* **Instructions for the task**
Starting with the line that has "LIVRE en VALISE" in the records below and ending with the line that has "- Human Kidney", output those lines exactly and nothing more; omit the pictures.

* **Material for this task**

-.-.-

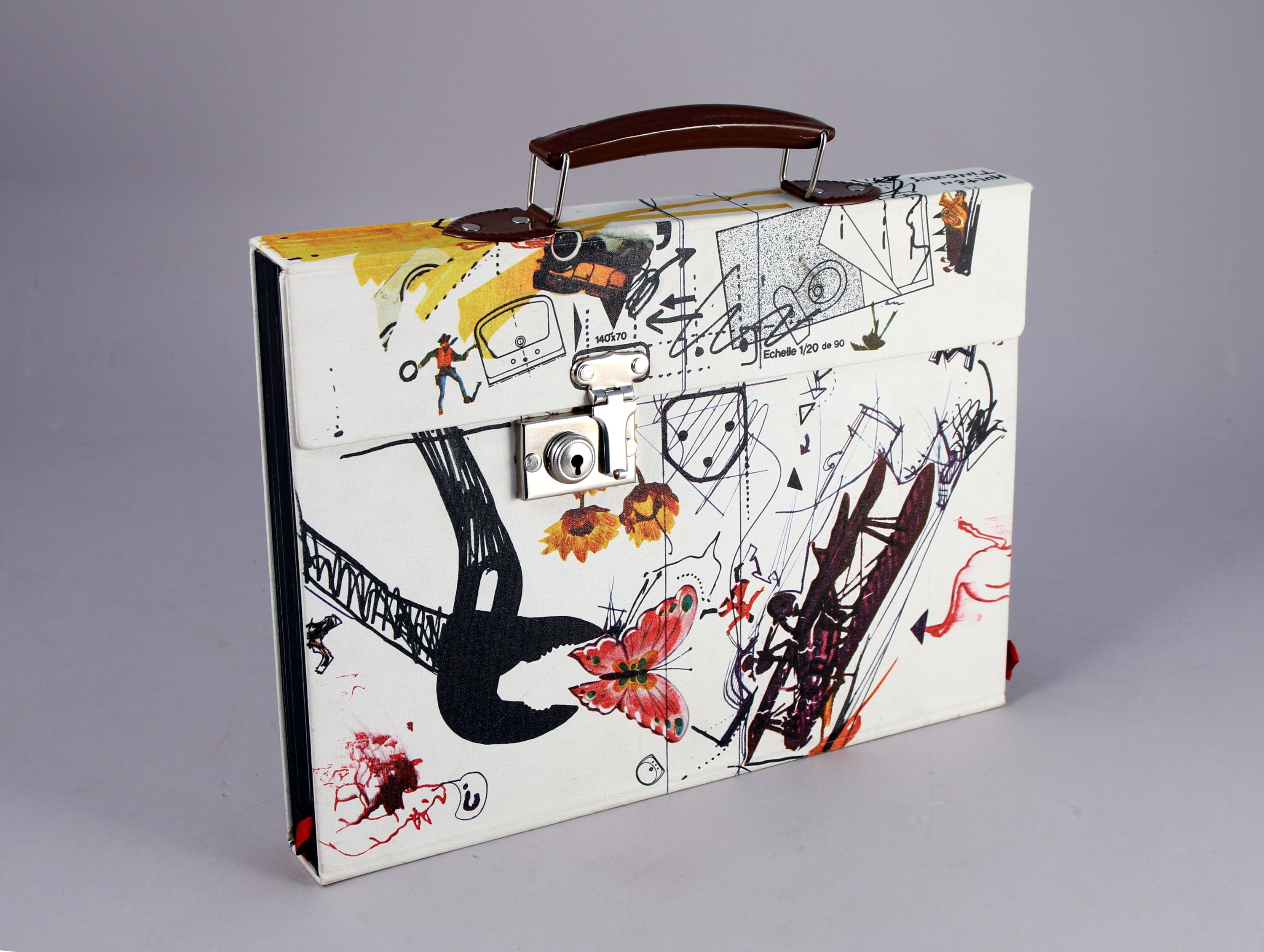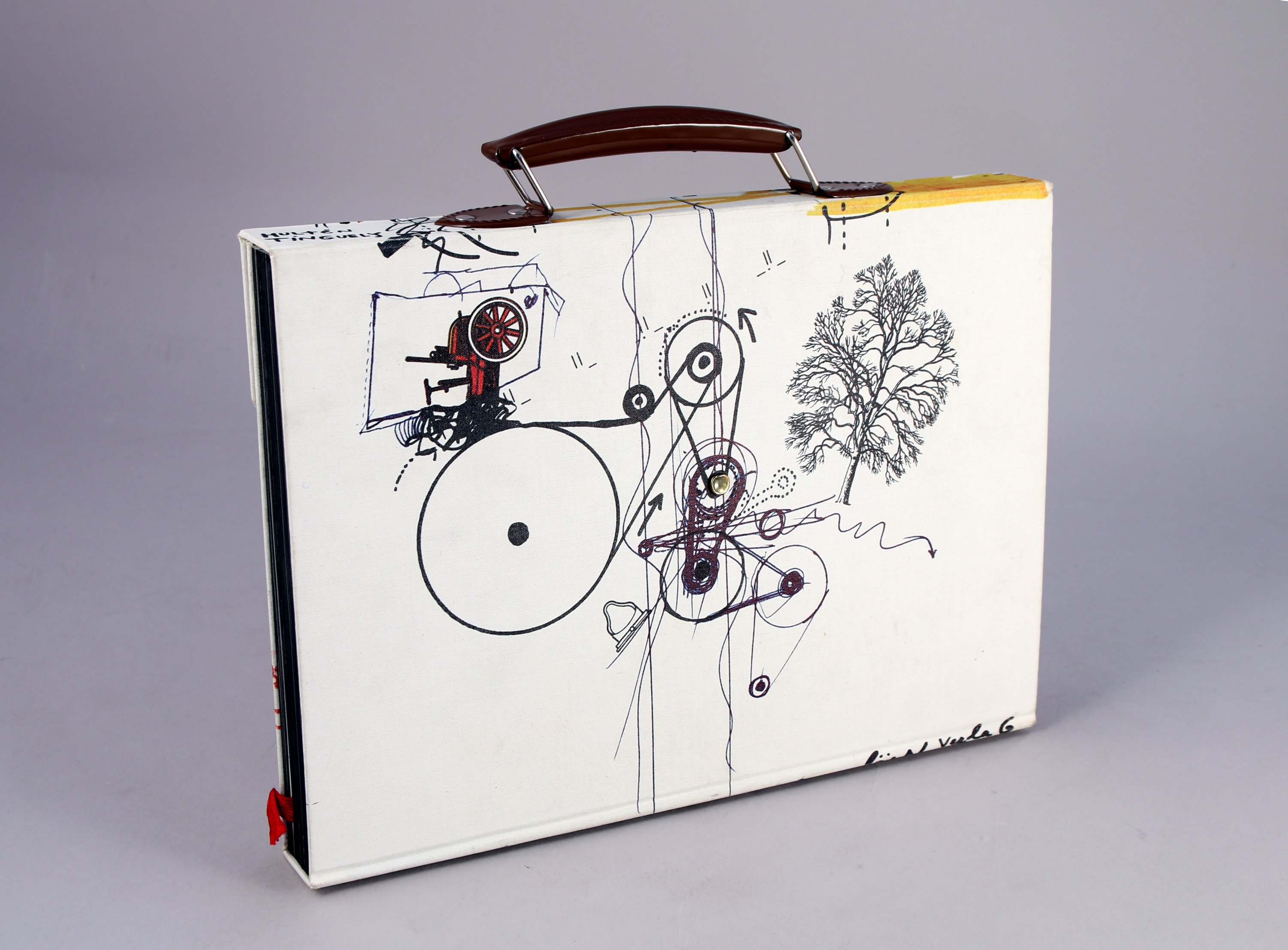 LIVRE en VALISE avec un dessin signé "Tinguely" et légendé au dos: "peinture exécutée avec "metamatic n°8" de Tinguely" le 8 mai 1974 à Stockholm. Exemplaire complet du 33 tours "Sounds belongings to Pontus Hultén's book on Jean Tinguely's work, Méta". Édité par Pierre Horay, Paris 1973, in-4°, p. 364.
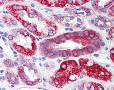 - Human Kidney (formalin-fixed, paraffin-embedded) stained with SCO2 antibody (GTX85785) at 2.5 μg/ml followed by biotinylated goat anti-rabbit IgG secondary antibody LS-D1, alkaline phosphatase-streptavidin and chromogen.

-.-.-

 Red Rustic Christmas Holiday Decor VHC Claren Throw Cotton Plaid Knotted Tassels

-.-.-

* **Written answer**
 LIVRE en VALISE avec un dessin signé "Tinguely" et légendé au dos: "peinture exécutée avec "metamatic n°8" de Tinguely" le 8 mai 1974 à Stockholm. Exemplaire complet du 33 tours "Sounds belongings to Pontus Hultén's book on Jean Tinguely's work, Méta". Édité par Pierre Horay, Paris 1973, in-4°, p. 364.
 - Human Kidney (formalin-fixed, paraffin-embedded) stained with SCO2 antibody (GTX85785) at 2.5 μg/ml followed by biotinylated goat anti-rabbit IgG secondary antibody LS-D1, alkaline phosphatase-streptavidin and chromogen.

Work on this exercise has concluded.